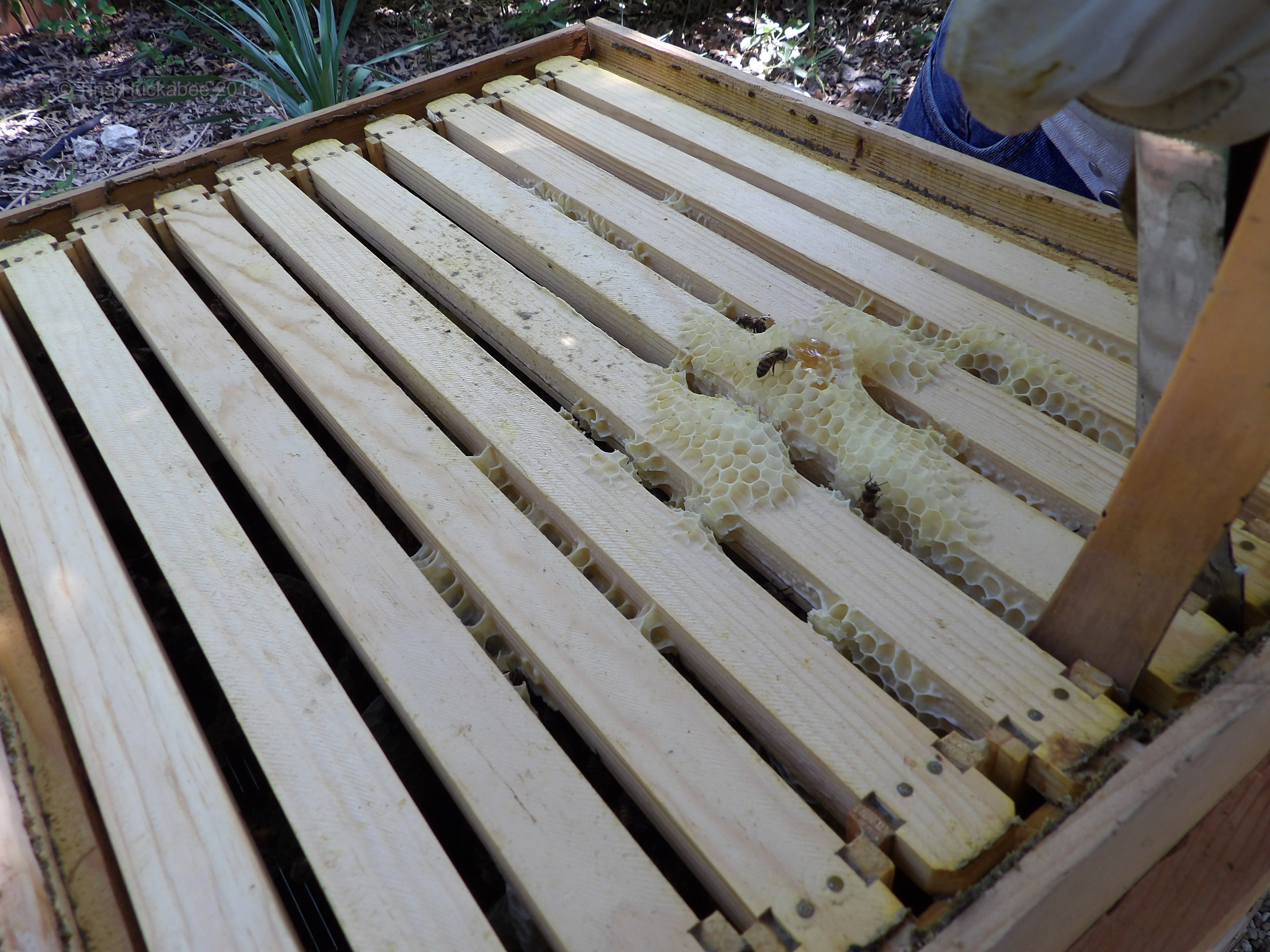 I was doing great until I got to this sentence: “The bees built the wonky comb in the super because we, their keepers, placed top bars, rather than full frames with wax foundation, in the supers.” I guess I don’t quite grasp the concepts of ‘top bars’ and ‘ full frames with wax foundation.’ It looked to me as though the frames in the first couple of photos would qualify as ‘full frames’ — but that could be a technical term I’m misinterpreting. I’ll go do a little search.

--

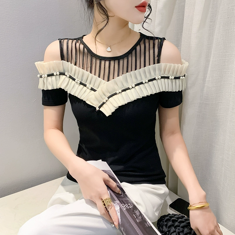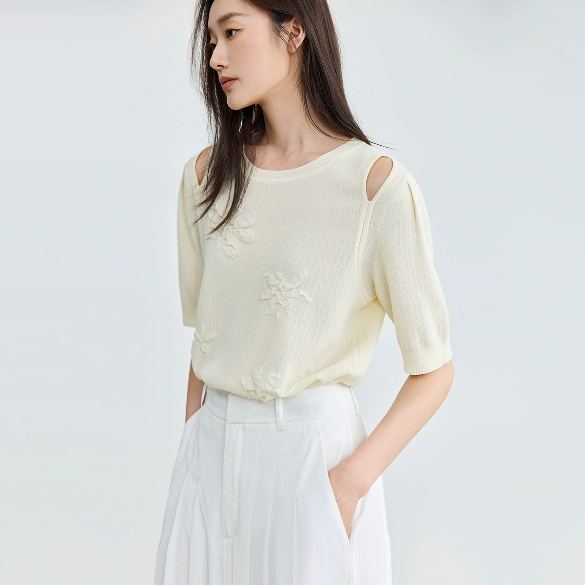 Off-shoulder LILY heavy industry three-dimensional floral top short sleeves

--

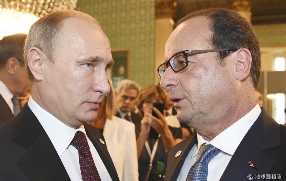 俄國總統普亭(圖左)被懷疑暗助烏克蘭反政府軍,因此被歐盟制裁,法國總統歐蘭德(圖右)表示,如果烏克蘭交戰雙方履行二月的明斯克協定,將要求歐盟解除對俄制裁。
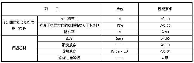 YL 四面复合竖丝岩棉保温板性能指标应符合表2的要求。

--

_Problem to work on_:
Work from the entries above. Set down exactly and only the lines from the line with "俄國總統普亭(圖左)被懷疑暗" to the line with "YL 四面复合竖丝岩棉保温板性能指标应符合表2的要求。", both included, and leave the pictures out.

_Result_:
 俄國總統普亭(圖左)被懷疑暗助烏克蘭反政府軍,因此被歐盟制裁,法國總統歐蘭德(圖右)表示,如果烏克蘭交戰雙方履行二月的明斯克協定,將要求歐盟解除對俄制裁。
 YL 四面复合竖丝岩棉保温板性能指标应符合表2的要求。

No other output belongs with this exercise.